----- Supplied data -----
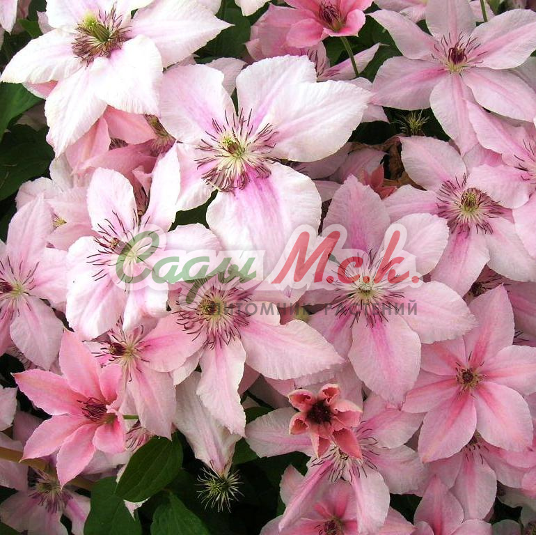 Клематис крупноцветковый Виолет Элизабет - с повторным цветением за период, первое цветение с мая по июнь (цветет полумахровыми цветками на побегах прошлого года), второе цветение с августа (цветет простыми цветками на побегах текущего года). Цветение очень обильное и продолжительное. Растение вьющееся, высота клематиса от 1,5 до 2,5 метров. Цветки крупного размера, жемчужно-розового цвета. На зиму Клематис крупноцветковый Виолет Элизабет требует слабой обрезки (достаточно легкой стрижки). Высадку производят в южной, западной или восточной части участка.
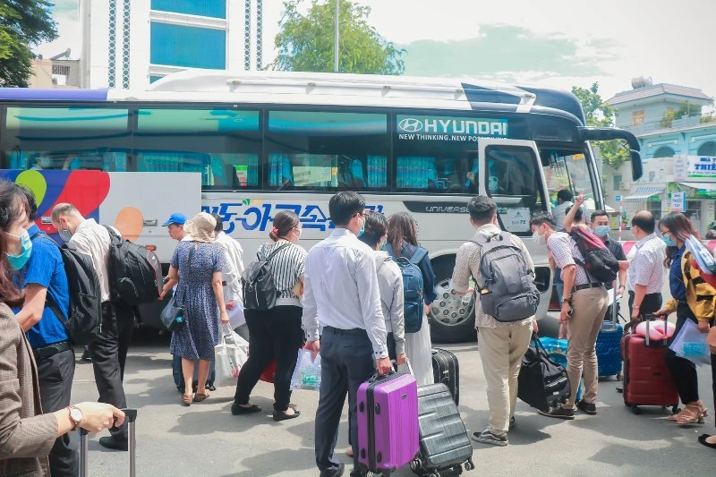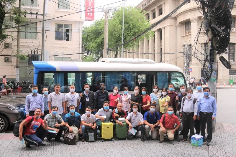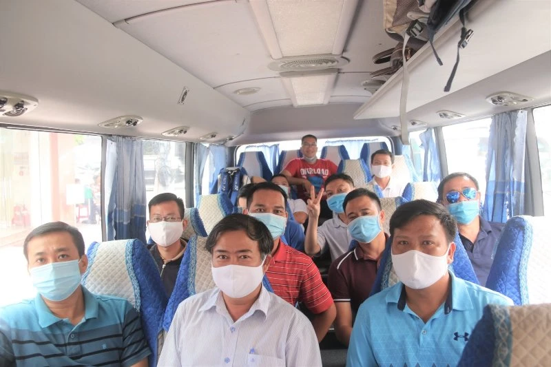 Đoàn công tác của trường ĐH Công nghiệp thực phẩm TP.HCM lên xe rời TP.HCM đi làm thi
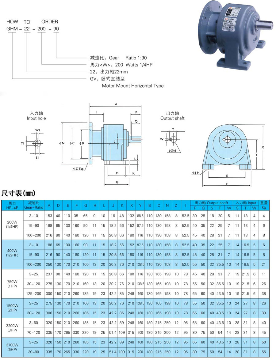 萬鑫GH-28減速機型號:GH18(輸出軸直徑)-100(電機功率)-20(減速比)S(S代表三相,A代表單相) 全國熱(re)線(xian): 13924335044 |
-----
* **Work order**
Leave out the pictures and reproduce the rest of the listing exactly.

* **Completed task**
 Клематис крупноцветковый Виолет Элизабет - с повторным цветением за период, первое цветение с мая по июнь (цветет полумахровыми цветками на побегах прошлого года), второе цветение с августа (цветет простыми цветками на побегах текущего года). Цветение очень обильное и продолжительное. Растение вьющееся, высота клематиса от 1,5 до 2,5 метров. Цветки крупного размера, жемчужно-розового цвета. На зиму Клематис крупноцветковый Виолет Элизабет требует слабой обрезки (достаточно легкой стрижки). Высадку производят в южной, западной или восточной части участка.
 Đoàn công tác của trường ĐH Công nghiệp thực phẩm TP.HCM lên xe rời TP.HCM đi làm thi
 萬鑫GH-28減速機型號:GH18(輸出軸直徑)-100(電機功率)-20(減速比)S(S代表三相,A代表單相) 全國熱(re)線(xian): 13924335044 |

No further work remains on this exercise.